The ideal, of course, would be that support for a cause has cross-party support, although this is not always possible. The great majority of campaign groups will be rightly resentful of being tethered through registration to a party political post when in reality, in the longer term and in the broader context of a campaign group’s aims, this is invariably not the case. Friends of the Earth put this very well when they say,

“we never support one party or candidate over another, and never tell supporters or the public how we think they should vote. But we do say what we think about important environmental policies that politicians and political parties also have an opinion about”.

One of the problems with Part 2 of the Bill appears to be not just fears about whether you will be caught out by it, but the uncertainties about what it is intended to achieve. Big Brother Watch, English PEN and others have said that for many charities,

“self-censorship is an inevitable consequence of the bill as it stands”.

If the Bill goes through as it is, it will be destructive both for groups and for our democracy. A year is a hugely long time for campaigning organisations to be effectively out of action, when in the lead-up to an election precisely the opposite ought to be the case.

What about the role of the press during this period? Presumably it will then have a free hand in this regard, although to be consistent the Government ought to restrict the press as campaigning organisations as well. I am not in favour of that. In the lead-up to an election there should be a properly healthy public discussion of issues and policies, including the views of both a diverse press—ideally—and campaigning bodies, running alongside each other.

Campaigns develop and grow organically, often starting from small groups. For some organisations, artificially to stop campaigning for a year would be a body blow, because campaigns are built on momentum. Other campaigns are time-sensitive, and one can all too easily see the Government of the day pushing through contentious decisions during this period—for example, beginning construction work on a nuclear reactor—under the radar, as it were, without public discussion or protest.

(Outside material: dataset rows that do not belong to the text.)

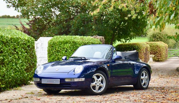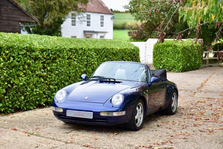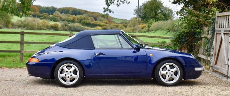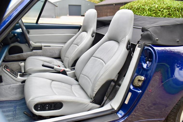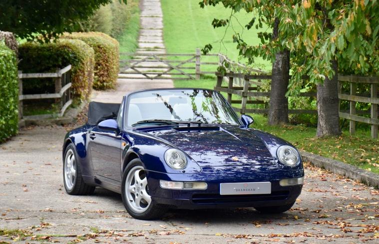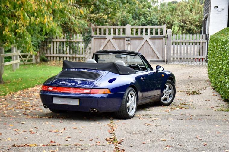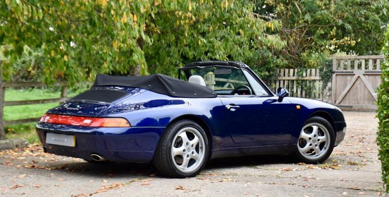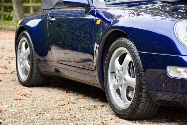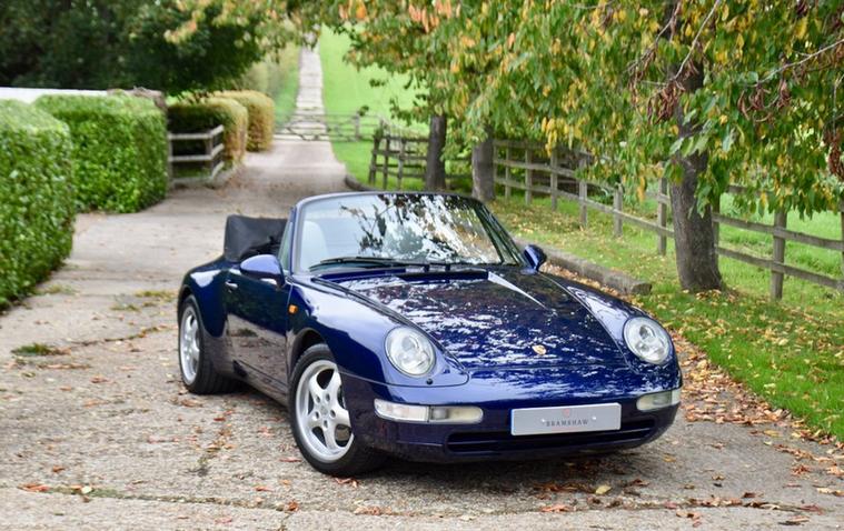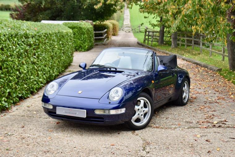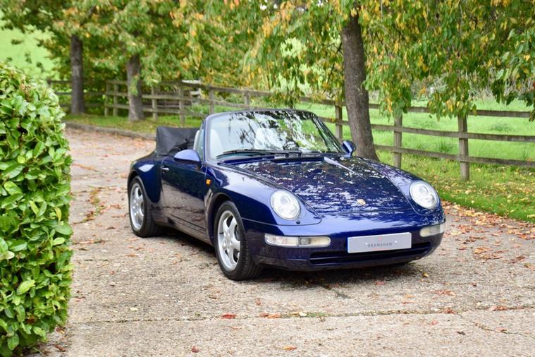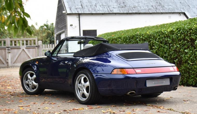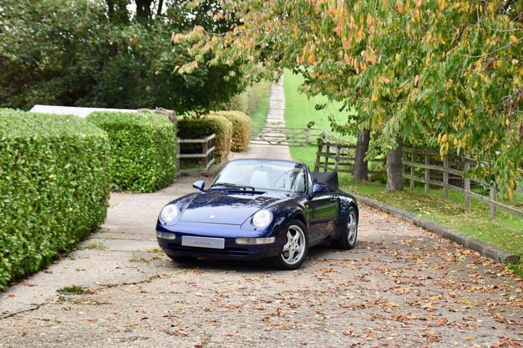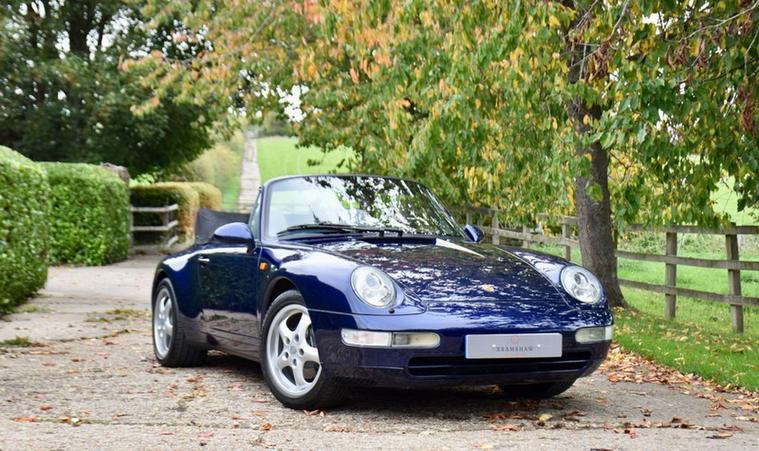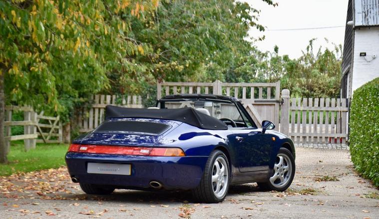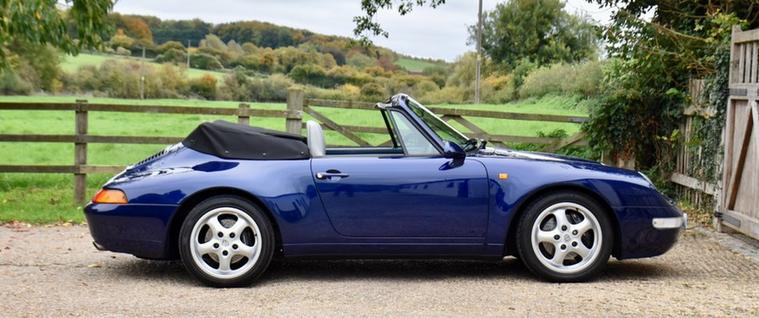 1995 'M' registered with 77, 578 miles from new. Iris Blue Metallic with Grey Leather, Dark Blue Dash, Steering Wheel and Door Tops. 17' Cup Alloy Wheels, Porsche Crested Wheel Centres, H.I.D Headlamps, Electrically Height Adjustable Leather Sports Seats with Seat Heating, Electric Folding Convertible Roof, Electric and Heated Door Mirrors, Wind Deflector, Black Brake Calipers, Tiptronic Automatic Gearbox. This is a Nicely Kept Porsche 993 Cabriolet which was first registered in the Channel Islands. It has a Great Service History with lots spent in 2025 to Overhaul the Braking System including New Hoses, All 4 Brake Discs and Pads, plus Calipers removed and serviced.
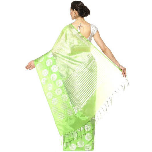 Faishana Presents Green Silver Zari Glass Tissue Tanchoi Contrast Large Border Banarasi Saree
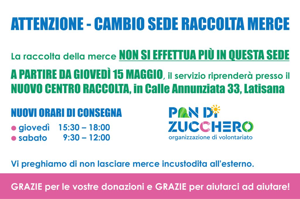 Cambio sede RACCOLTA MERCE Cambio sede RACCOLTA MERCE ATTENZIONE: CAMBIO SEDE RACCOLTA MERCEVi informiamo che sabato 12 aprile 2025 sarà l’ultimo giorno di raccolta nella sede di Viale della Stazione. A partire da giovedì 15 maggio, la raccolta riprenderà nella nuova sede in Calle dell’Annunziata 33, Latisana (UD). Nuovi orari di consegna:• Giovedì dalle 15:30 alle 18:00• Sabato dalle 09:30 alle 12:00Vi preghiamo di non lasciare merce incustodita all’esterno. Grazie per aiutarci ad aiutare!
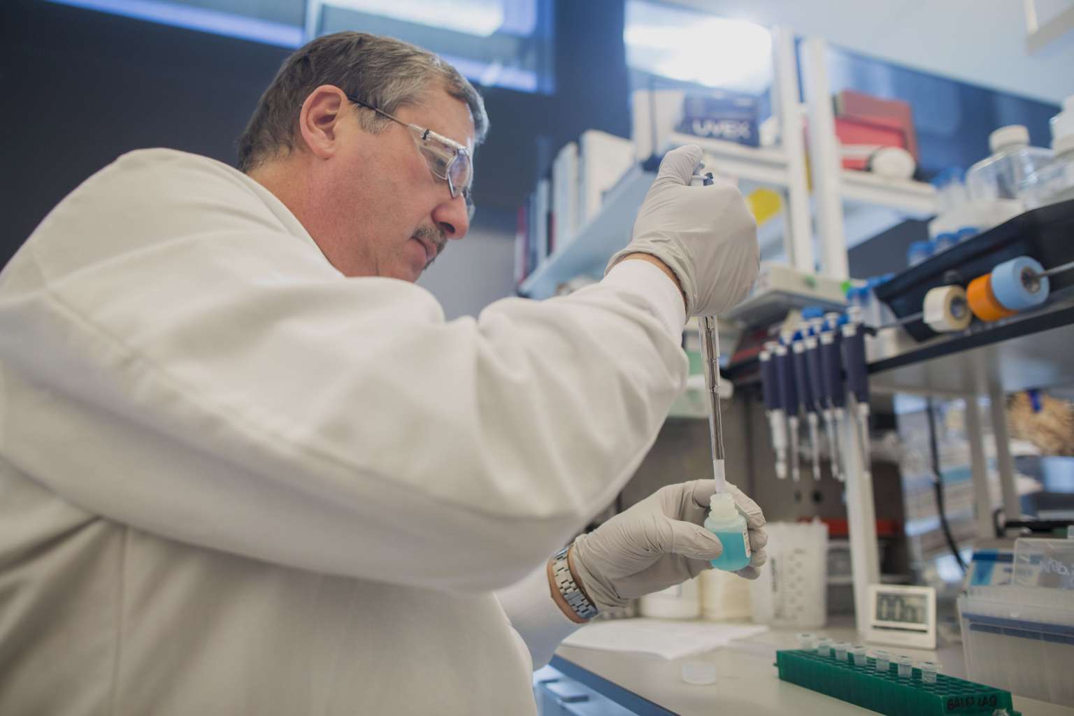 A worker testing chemicals in a laboratory at the Pfizer research and development facility in Cambridge, Massachusetts.

There is a part of me which says, perhaps against my better instincts, “Bring on this silence for a year”—which is what will happen if the Bill passes as is. Perhaps we would see the emergence of quieter voices, more non-professionalised campaign groups staffed by volunteers operating at low cost—except that volunteers are to be counted towards costs, and it will be very difficult for any organisation to operate within the extremely low thresholds that the Bill sets. What we would more likely see is more direct action and more and more outrageous ways in which some groups will draw attention to themselves.

I cannot help but think of the group Femen, which we learnt last week is setting up a London branch. Without suggesting in any way that that or any other group has any intention of breaking the law, I suspect that such a group would never contemplate registering with the Electoral Commission. It would argue that to do so would be to defer to a patriarchal and authoritarian system. Many might think that it would have a point. The key point here is that no Government should try to put a lid on the public voice, which the charities and campaigning groups represent. Indeed, it is, in the long run, unrealistic to do so because you cannot put a lid on boiling water without the steam somehow, in the end, finding a way of escaping.

Many of the great social reforms of the past have come about thanks to the tireless work of people outside the mainstream, who felt that this was how they could best serve their country. Politics at Westminster is not a one-way street and campaigning organisations are an important part of the process. Indeed, their role within the political process is often underestimated by Governments and sometimes wholly ignored—I can think of one recent example during the passage of a Bill.

My strong preference would be to see this Bill paused. Part 2 should certainly be rejected because it is unnecessary and fundamentally misconceived. Any reform that the Government wish to undertake should be far more considered and consulted on.